After finding the line containing "Bombay Presidency (India, British)." below, please output that line and each following one through the line containing "- Тесто мягкое, немного", exactly as written.

**The records**

++++++++++++++++++++

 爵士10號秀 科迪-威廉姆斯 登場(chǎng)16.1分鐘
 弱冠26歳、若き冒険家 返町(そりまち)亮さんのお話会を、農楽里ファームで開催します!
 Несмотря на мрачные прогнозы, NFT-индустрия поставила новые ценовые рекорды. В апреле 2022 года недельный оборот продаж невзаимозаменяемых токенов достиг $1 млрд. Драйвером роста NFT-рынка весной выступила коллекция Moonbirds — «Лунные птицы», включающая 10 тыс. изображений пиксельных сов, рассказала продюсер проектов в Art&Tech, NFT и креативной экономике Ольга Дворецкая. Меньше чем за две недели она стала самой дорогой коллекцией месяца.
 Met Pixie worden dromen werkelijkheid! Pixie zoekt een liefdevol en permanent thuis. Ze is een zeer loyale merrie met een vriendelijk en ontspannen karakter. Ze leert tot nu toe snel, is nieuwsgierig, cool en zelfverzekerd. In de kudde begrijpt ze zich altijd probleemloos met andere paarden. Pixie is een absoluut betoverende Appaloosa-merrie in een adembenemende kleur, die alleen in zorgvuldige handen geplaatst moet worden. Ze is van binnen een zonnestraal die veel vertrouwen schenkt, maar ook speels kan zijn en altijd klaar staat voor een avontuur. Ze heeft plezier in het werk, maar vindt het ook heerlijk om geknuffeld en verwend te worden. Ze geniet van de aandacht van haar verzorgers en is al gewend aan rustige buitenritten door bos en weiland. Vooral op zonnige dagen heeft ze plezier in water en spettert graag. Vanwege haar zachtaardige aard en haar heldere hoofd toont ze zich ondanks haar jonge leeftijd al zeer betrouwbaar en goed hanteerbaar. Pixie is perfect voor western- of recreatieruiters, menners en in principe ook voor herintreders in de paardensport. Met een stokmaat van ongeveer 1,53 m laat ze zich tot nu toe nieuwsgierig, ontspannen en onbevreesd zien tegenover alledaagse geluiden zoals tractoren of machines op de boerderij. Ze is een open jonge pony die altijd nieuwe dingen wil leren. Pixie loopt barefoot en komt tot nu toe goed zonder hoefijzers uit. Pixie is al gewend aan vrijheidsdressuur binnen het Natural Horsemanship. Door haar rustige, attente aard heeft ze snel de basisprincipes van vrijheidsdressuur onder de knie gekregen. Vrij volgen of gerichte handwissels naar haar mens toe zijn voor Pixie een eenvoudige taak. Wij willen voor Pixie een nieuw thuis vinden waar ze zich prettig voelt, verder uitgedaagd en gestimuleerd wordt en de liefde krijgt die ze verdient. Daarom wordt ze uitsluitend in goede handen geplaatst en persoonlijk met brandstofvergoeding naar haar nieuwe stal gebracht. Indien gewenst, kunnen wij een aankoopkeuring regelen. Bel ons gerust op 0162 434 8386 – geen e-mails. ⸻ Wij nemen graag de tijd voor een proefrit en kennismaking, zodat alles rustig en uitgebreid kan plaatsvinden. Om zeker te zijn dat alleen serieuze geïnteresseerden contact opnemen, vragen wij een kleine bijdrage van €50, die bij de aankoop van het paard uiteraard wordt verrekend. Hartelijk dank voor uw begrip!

++++++++++++++++++++

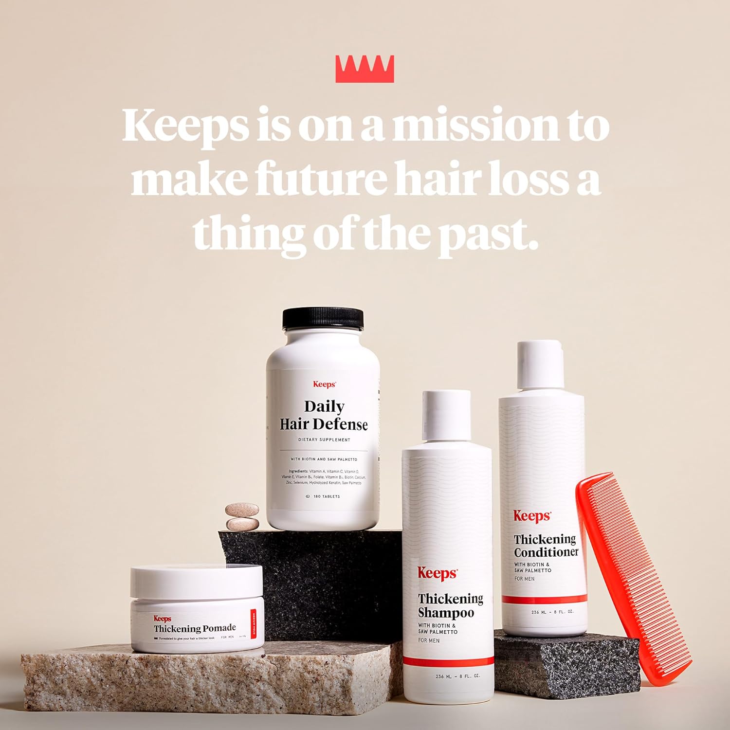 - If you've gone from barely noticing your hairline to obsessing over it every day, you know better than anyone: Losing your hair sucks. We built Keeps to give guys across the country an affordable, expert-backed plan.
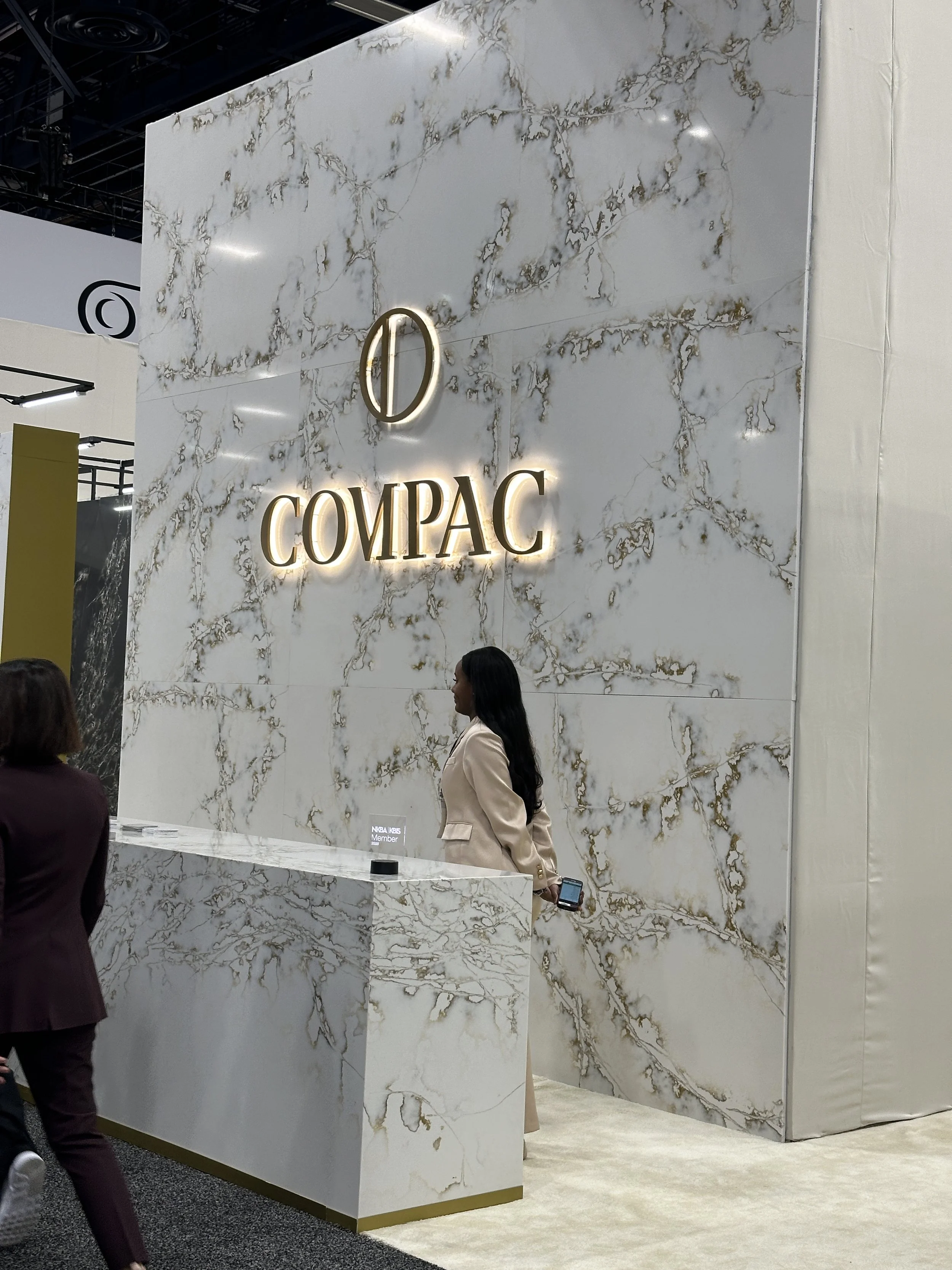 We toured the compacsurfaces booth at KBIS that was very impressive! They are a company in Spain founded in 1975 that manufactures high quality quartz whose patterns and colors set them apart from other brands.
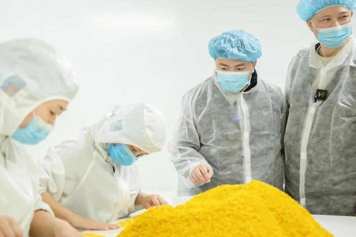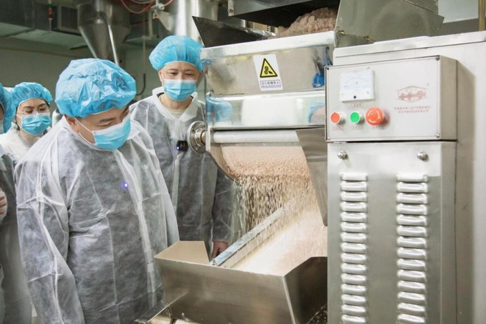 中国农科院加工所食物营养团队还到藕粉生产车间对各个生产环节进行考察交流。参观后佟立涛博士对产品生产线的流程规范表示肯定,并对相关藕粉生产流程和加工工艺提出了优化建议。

++++++++++++++++++++

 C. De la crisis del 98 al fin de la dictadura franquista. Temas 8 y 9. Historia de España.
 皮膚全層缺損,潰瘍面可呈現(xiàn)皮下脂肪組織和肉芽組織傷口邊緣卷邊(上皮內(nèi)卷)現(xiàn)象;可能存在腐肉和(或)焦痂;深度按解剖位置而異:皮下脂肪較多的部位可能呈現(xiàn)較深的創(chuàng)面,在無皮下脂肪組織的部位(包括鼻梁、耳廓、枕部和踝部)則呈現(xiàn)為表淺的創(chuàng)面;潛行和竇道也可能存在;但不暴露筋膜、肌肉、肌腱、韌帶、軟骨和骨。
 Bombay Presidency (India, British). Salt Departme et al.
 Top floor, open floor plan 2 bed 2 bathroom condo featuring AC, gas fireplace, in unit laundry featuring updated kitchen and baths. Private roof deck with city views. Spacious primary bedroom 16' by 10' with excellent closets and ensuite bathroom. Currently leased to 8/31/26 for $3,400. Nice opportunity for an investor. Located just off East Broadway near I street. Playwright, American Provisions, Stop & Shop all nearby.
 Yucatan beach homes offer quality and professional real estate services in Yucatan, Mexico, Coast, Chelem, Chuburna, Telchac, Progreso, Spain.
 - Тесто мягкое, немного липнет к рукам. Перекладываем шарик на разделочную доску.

++++++++++++++++++++

**Exercise answer**
 Bombay Presidency (India, British). Salt Departme et al.
 Top floor, open floor plan 2 bed 2 bathroom condo featuring AC, gas fireplace, in unit laundry featuring updated kitchen and baths. Private roof deck with city views. Spacious primary bedroom 16' by 10' with excellent closets and ensuite bathroom. Currently leased to 8/31/26 for $3,400. Nice opportunity for an investor. Located just off East Broadway near I street. Playwright, American Provisions, Stop & Shop all nearby.
 Yucatan beach homes offer quality and professional real estate services in Yucatan, Mexico, Coast, Chelem, Chuburna, Telchac, Progreso, Spain.
 - Тесто мягкое, немного липнет к рукам. Перекладываем шарик на разделочную доску.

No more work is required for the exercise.